Research . Sea Ice Age & Extent

Variations in the Age of Arctic Sea-ice and Summer Sea-ice Extent

Ignatius Rigor1, 2, John M. Wallace2
1Polar Science Center, Applied Physics Laboratory, University of Washington, Seattle, Washington
2Department of Atmospheric Sciences, University of Washington, Seattle, Washington


Read the full paper (PDF): Geophys. Res. Lett., v. 31, doi: 10.1029/2004GL019492, 2004.

Abstract

Three of the past six summers have exhibited record low sea-ice extent on the Arctic Ocean. These minima may have been dynamically induced by changes in the surface winds. Based on results of a simple model that keeps track of the age of ice as it moves about on the Arctic Ocean, we argue that the areal coverage of thick multi-year ice decreased precipitously during 1989-1990 when the Arctic Oscillation was in an extreme "high index" state, and has remained low since that time. Under these conditions, younger, thinner ice anomalies recirculate back to the Alaskan coast more quickly, decreasing the time that new ice has to ridge and thicken before returning for another melt season. During the 2002 and 2003 summers this anomalously younger, thinner ice was advected into Alaskan coastal waters where extensive melting was observed, even though temperatures were locally colder than normal. The age of sea-ice explains more than half of the variance in summer sea-ice extent.


Figure 1. Age of sea ice on the Arctic Ocean estimated from the drift of buoys[1] (pink tracks), and satellite derived estimates of sea ice extent[2] (green line). Some things to note:
. Changes in wind and ice motion related to the Arctic Oscillation drives changes in the age and thickness of sea ice.
. Area of old ice has decreased dramatically during the last 15 years.
. Recirculation of younger, thinner sea ice back to the Alaskan coast explain most of the variance in summer sea ice extent.
. This relationship may be exploited to predict summer sea ice extent.


The Movie...

Animations of the age of sea ice updated through October 2007:
. MPG movie showing buoy drift and ice concentrations.
. MPG format showing buoy drift (no ice concentrations).

The red dots shows the current location of buoys used to estimate the age of sea ice. The areas of older, thicker ice are shown in white, while younger, thinner sea ice is shown as darker shades of blue.

This animation of the age of sea ice shows:

1.) A large Beaufort Gyre which covers most of the Arctic Ocean during the 1980s, and a transpolar drift stream shifted towards the Eurasian Arctic. Older, thicker sea ice (white ice) covers about 80% of the Arctic Ocean up to 1988. The date is shown in the upper left corner.

2.) With the step to high-AO conditions in 1989, the Beaufort Gyre shrinks and is confined to the corner between Alaska and Canada. The Transpolar Drift Stream now sweeps across most of the Arctic Ocean, carrying most of the older, thicker sea ice out of the Arctic Ocean through Fram Strait (lower right). By 1990, only about 30% of the Arctic Ocean is covered by older thicker sea ice.

3.) During the high-AO years that follow (1991 and on), this younger thinner sea ice is shown to recirculated back to the Alaskan coast where extensive open water has been observed during summer.

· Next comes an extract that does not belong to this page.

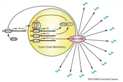 Dans le cycle circadien, la protéine REV-ERBα est en compétition avec la protéine RORα pour lier le promoteur des protéines BMAL1 et NPAS2 (NPAS2 est similaire à la protéine CLOCK). RORα active la transcription de BMAL1 et NPAS2. REV-ERBα vient inhiber l'action de RORα, et cela a pour conséquence d'inhiber la transcription des protéines BMAL1 et NPAS2[2],[3].

The age of sea ice drifting towards the coast explains over 50% of the variance in summer sea ice extent (compared to less than 15% of the variance explained by the seasonal redistribution of sea ice, and advection of heat by summer winds).

Acknowledgements:

Rigor was funded by a fellowship from the Applied Physics Laboratory, University of Washington, by NOAA Grant NA17RJ1232, and ONR Grant N00014-98-1-0698. Wallace was funded by the National Science Foundation under grant ATM 0318675. This publication was partially funded by the Joint Institute for the Study of the Atmosphere and Ocean (JISAO) under NOAA Cooperative Agreement No. NA17RJ1232, Contribution #1054.

References and notes:

[1] The buoy data was obtained from the International Arctic Buoy Programme.
[2] Comiso, J. C. (1995), SSM/I ice concentrations using the Bootstrap algorithm, NASA Rep., 1380. This analysis has been updated.